8. FTE NPs will more than double from 157,025 in 2016 to 396,546 in 2030.

That’s a projected growth of 6.8 percent annually for the NP workforce. It will be useful to overcome projections of primary care and specialty physician shortages over the decade.

9. In the longer run, the pandemic may lead to fundamental shifts in the demand for and supply of nurses.

On the demand side, there may be a substantial restructuring of care delivery, such as a shift toward telehealth or permanent staffing reductions in hospitals. On the supply side, the pandemic may either increase or decrease entry into nursing.

10. Nurses will play a pivotal role in health care equity in the future of healthcare, but this will require an expanded role using the full extent of their education and training.

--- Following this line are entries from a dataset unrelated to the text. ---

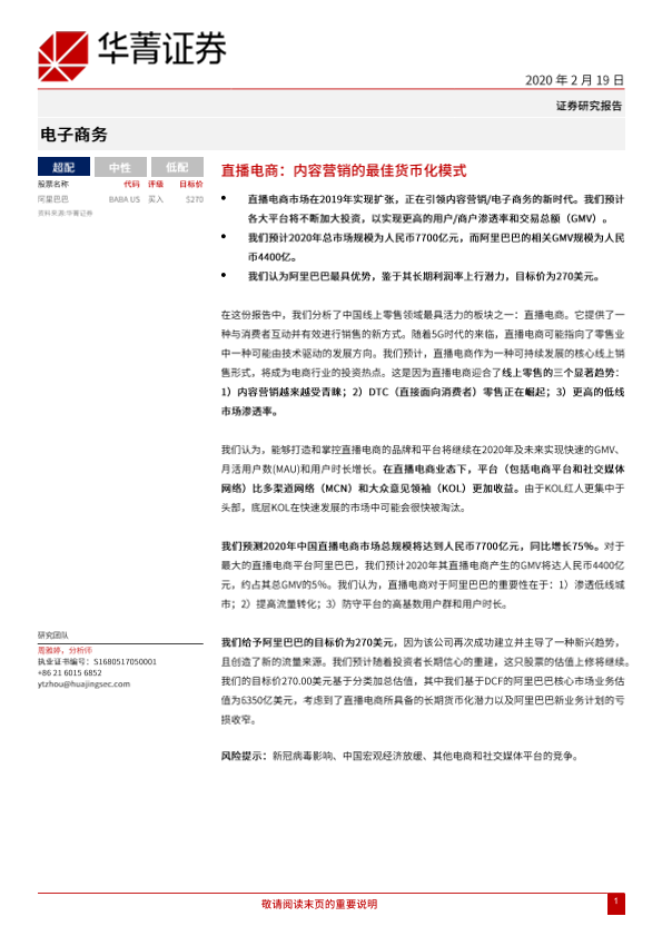 【华兴证券】【20200219】直播电商:内容营销的最佳货币化模式-4页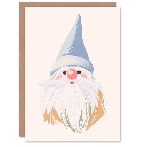 Wee Blue Coo Greeting Card Surprised Gonk Garden Gnome Soft Pastel Colour Blank For Him Or Her Art Xmas Christmas Card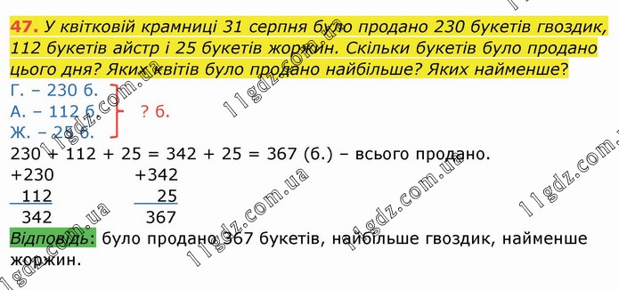 У квітковій крамниці 31 серпня було продано 230 букетів гвоздик, 112 букетів айстр і 25 букетів жоржин. Скільки букетів було продано цього дня? Яких квітів було продано найбільше? Яких найменше? Г. – 230 б. А. – 112 б. ? б. Ж. – 25 б. 230 + 112 + 25 = 342 + 25 = 367 (б.) – всього продано. +230 112 342 +342 25 367 Відповідь: було продано 367 букетів, найбільше гвоздик, найменше жоржин.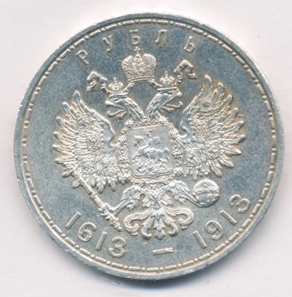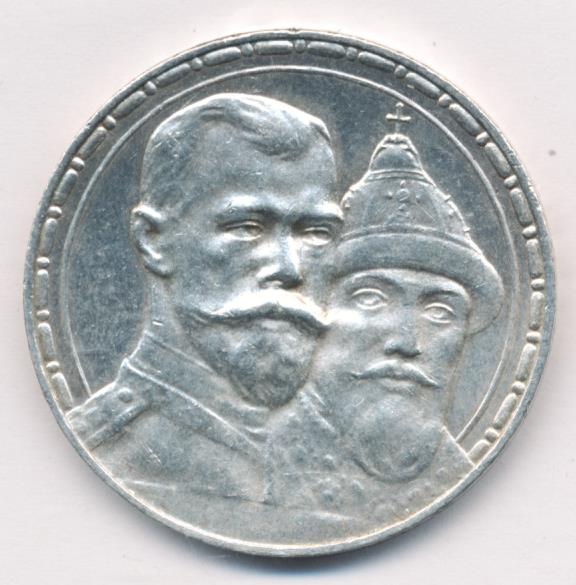 К 300-летию царствования Дома Романовых выпустили и юбилейный рубль, отчеканенный грандиозным тиражом почти в полтора миллиона экземпляров. На лицевой стороне монеты разместили портрет императора Николая II в военной форме, за спиной которого виден основатель династии, царь Михаил Романов в царском одеянии и в шапке Мономаха.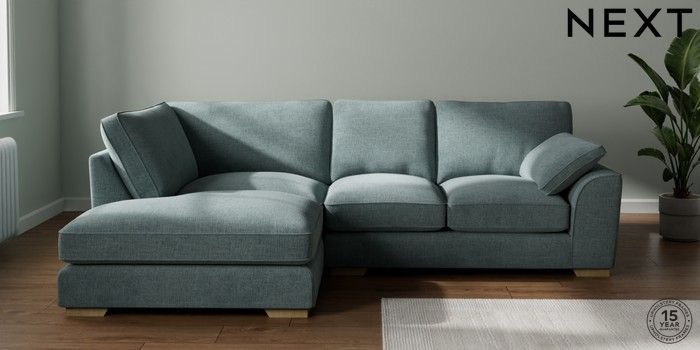 7.3.1 Buy Stamford Grand Relaxed Sit Medium Corner Chaise - Left Hand Chunky Chenille Light Teal Green Large Square Angle - Light from the Laura Ashley online shop Click here to use our website with more accessibility support, for example screen readers

It will be necessary to revise scope-of-practice laws, public health policies and reimbursement rules for Medicare and other payers, the authors wrote.

“If health care equity is to be fully achieved, nursing schools will need to focus on ensuring that all nurses, regardless of their practice setting, can address the social factors that influence health and provide care that meets people where they are,” the authors wrote.